34. На одном из кладбищ олень наслаждался безразличием к жизни
У входа в сабвей стоял помятый пикап с открытыми дверцами, а перед ним, с мегафонами в руках, топтались двое мужчин с одинаково смазанными лицами, хотя у первого, в черной хасидской униформе, лицо смотрелось как передержанный в проявителе фотоотпечаток, а у второго, в штатском, наоборот, как недодержанный. Хасид говорил по-английски, а штатский переводил его речь на русский язык с украинским акцентом. Дверцы машины были испещрены объявлениями, и, как обычно, я начал с мелких. Сообщалось, что пикап принадлежит Центру по обслуживанию русских эмигрантов при центральной хасидской синагоге в Бруклине. В хасидах меня привлекало то, что, несмотря на постоянные неудачи, они по-прежнему пытались остановить время, выбрав для этого самое экономное средство, - отказ от костюмных мод последних столетий, хотя это можно объяснять и нежеланием тратить время на что бы то ни было кроме любви к Богу и торговли бриллиантами. Другое объявление, крупнее, обещало русским беженцам бесплатное, но аккуратное обрезание. Самым жирным шрифтом объявлялось, что завтра наступает "древнейший праздник Песах, праздник исхода из рабства, откуда Бог освободил не только наших предков, но и нас". Об этом и голосили в рупор хасид с переводчиком:
-- А соленая вода на пасхальном столе символизирует слезы наших отцов во времена их рабства в Египте.

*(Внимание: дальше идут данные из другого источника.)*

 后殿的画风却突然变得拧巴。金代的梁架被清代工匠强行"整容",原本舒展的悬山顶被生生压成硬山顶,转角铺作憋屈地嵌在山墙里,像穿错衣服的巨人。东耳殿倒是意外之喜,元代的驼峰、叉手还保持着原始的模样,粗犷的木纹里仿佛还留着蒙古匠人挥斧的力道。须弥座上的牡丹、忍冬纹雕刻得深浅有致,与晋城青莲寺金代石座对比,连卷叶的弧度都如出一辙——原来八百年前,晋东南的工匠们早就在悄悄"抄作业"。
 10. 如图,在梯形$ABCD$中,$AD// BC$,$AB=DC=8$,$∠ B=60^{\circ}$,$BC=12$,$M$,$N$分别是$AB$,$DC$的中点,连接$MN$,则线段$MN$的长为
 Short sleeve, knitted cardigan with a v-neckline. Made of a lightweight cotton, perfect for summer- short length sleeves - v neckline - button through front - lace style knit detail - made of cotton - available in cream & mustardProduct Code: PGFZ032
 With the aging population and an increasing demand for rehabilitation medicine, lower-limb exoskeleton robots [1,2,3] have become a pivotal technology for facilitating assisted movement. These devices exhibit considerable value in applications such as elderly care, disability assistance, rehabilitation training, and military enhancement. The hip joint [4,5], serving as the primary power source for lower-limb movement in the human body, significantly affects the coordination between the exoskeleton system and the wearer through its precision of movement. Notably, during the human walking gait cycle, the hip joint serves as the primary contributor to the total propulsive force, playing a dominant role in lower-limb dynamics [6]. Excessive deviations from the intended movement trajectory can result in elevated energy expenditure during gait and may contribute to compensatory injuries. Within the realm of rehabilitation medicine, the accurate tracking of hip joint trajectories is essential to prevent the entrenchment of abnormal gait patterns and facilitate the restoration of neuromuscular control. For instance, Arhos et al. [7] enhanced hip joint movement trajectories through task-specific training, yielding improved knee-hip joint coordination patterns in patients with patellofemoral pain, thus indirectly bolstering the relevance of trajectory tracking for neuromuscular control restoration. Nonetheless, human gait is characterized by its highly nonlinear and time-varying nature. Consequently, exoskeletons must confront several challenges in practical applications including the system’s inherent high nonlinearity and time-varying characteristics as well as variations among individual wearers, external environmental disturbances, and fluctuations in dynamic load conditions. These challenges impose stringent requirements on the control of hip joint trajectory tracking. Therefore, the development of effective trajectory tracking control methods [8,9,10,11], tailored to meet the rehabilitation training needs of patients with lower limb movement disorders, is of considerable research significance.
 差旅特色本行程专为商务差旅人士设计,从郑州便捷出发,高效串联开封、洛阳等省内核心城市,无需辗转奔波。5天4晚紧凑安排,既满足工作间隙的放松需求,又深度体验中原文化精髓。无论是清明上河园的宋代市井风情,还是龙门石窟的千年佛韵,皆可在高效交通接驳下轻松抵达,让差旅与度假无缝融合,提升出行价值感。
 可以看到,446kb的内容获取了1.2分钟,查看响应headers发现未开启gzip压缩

После этого объявления переводчик посмотрел на меня:
-- Живешь здесь?
-- Нигде не живу, я только приехал. А ты хасид?
-- Нет, зоотехник, -- сказал он и ткнул пальцем в значок на лацкане пиджака. -- Харьковский университет! Я - по козлотурам, но их в Нью-Йорке нету. Слава Богу, есть хасиды, а у них - лишние деньги и идеи. В общем они хорошие люди, но мне, знаешь, кажется, в них просто места нет для плохого; они вот хотят забрить к себе всю нашу братву и придумали эти глупые бригады с пикапами и переводчиками. Мне, откровенно, стыдно: все-таки Харьковский... Никто, конечно, не слушает, - только старые негры и русские дети...
-- А чего тогда голосишь? -- не понял я.
-- Тридцатка в день. А у тебя какая специальность?
-- Тоже могу переводить.
-- Он знает английский! -- повернулся зоотехник к хасиду.

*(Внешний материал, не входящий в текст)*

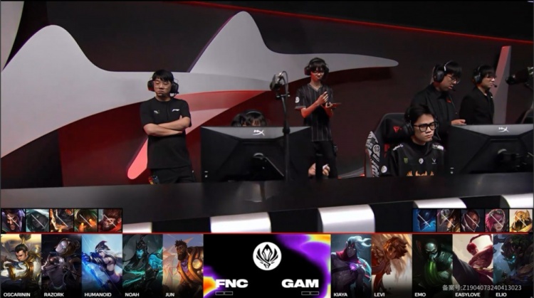 蓝色方FNC:Oscarinin奎桑提、Razork赵信、Humanoid发条、Noah卡莉丝塔、Jun艾希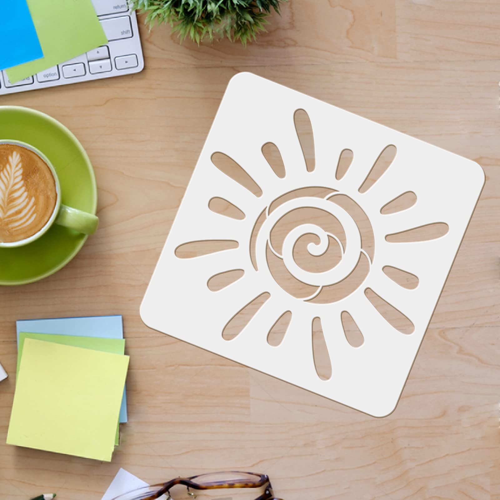 Bringen Sie Sonnenschein in Ihr Zuhause mit diesem umfangreichen Sonnen-Schablonen-Set von FINGERINSPIRE! Enthalten sind 5 Sonnen-Schablonen in verschiedenen Größen: 10x10cm, 15x15cm, 20x20cm, 25x25cm und 30x30cm, plus ein praktischer Kunststoff-Pinsel. Hergestellt aus hochwertigem PET-Kunststoff mit glatten Kanten und abgerundeten Ecken. Flexibel, langlebig und nach dem Malen einfach mit Wasser oder feuchtem Tuch zu reinigen. Einfach die Schablone auf der gewünschten Oberfläche fixieren und mit Pinsel, Kreide, Aquarellstiften oder sogar Sprühfarbe gestalten. Perfekt für Wände, Möbel, Holz, Türen, Fenster, Stoff und viele andere Oberflächen. Ideal für Kinderzimmer, Wohnzimmer, DIY-Projekte oder Fantasie-Themen-Dekorationen. Ob Sie eine einzelne Sonne als Akzent setzen oder ein ganzes Sonnensystem gestalten möchten - mit den verschiedenen Größen sind Ihrer Kreativität keine Grenzen gesetzt. Das Set macht nicht nur Spaß, sondern fördert auch die künstlerische Entwicklung und bringt Farbe in Ihr Leben. Einfach zu verwenden und wiederverwendbar für unzählige kreative Projekte!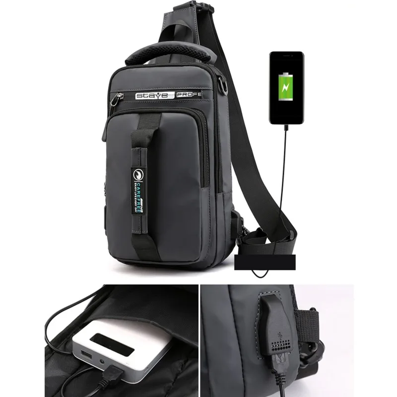 Мужская водонепроницаемая сумка через плечо USB Oxford с защитой от кражи, многофункциональная короткая сумка-мессенджер для путешествий, нагрудная сумка для мужчин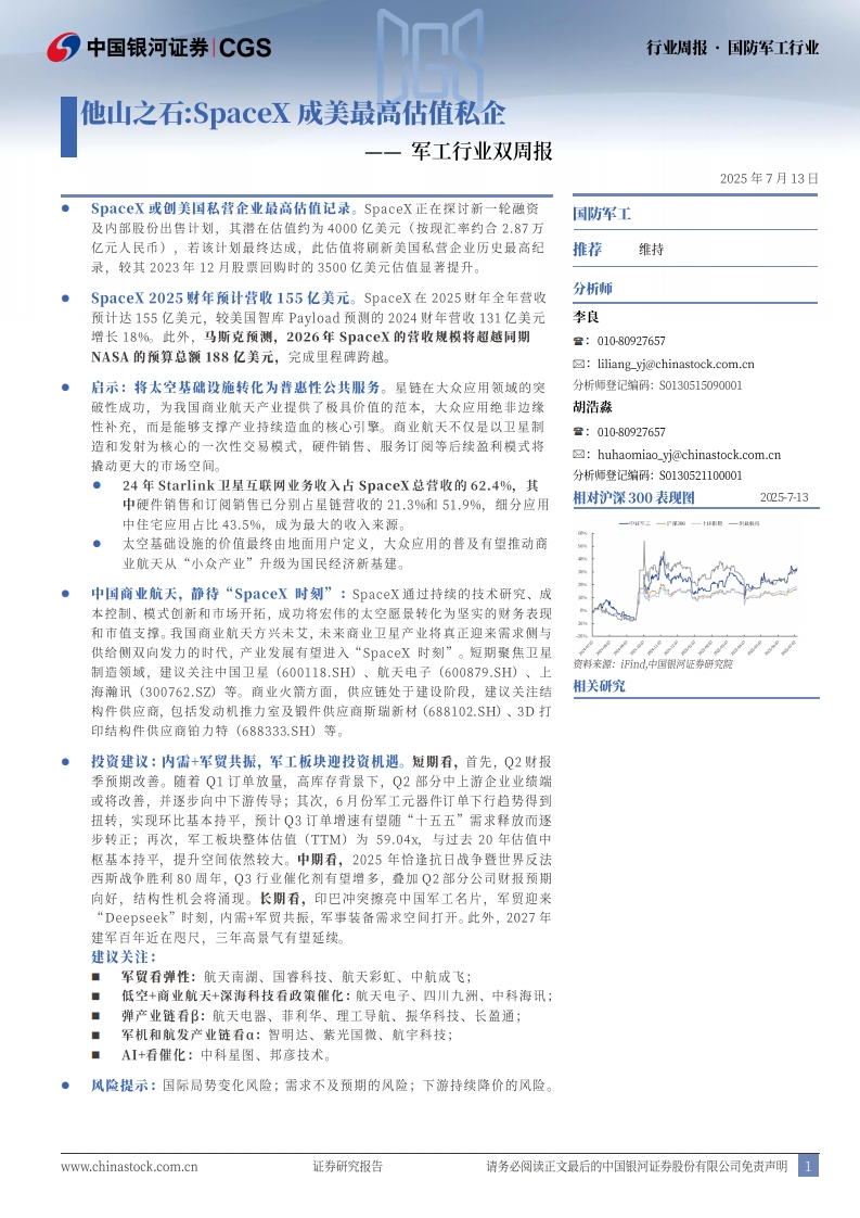 2025-07-16-中国银河-军工行业双周报:他山之石:SpaceX成美最高估值私企

-- Мазл тов, -- улыбнулся тот, -- хочешь к нам?
Вопрос не имел смысла, - только символический: не обладая специальностью, получаю приглашение на работу! Захотелось убедить хасида, что, оказав мне доверие, он поступил мудро, и я ответил ему на иврите:
-- Есть хасидское предание. Спросили Рабби Авраама Яакова: Если всякому человеку есть место, отчего же людям так тесно? Тот ответил: Оттого, что каждый хочет занять место другого.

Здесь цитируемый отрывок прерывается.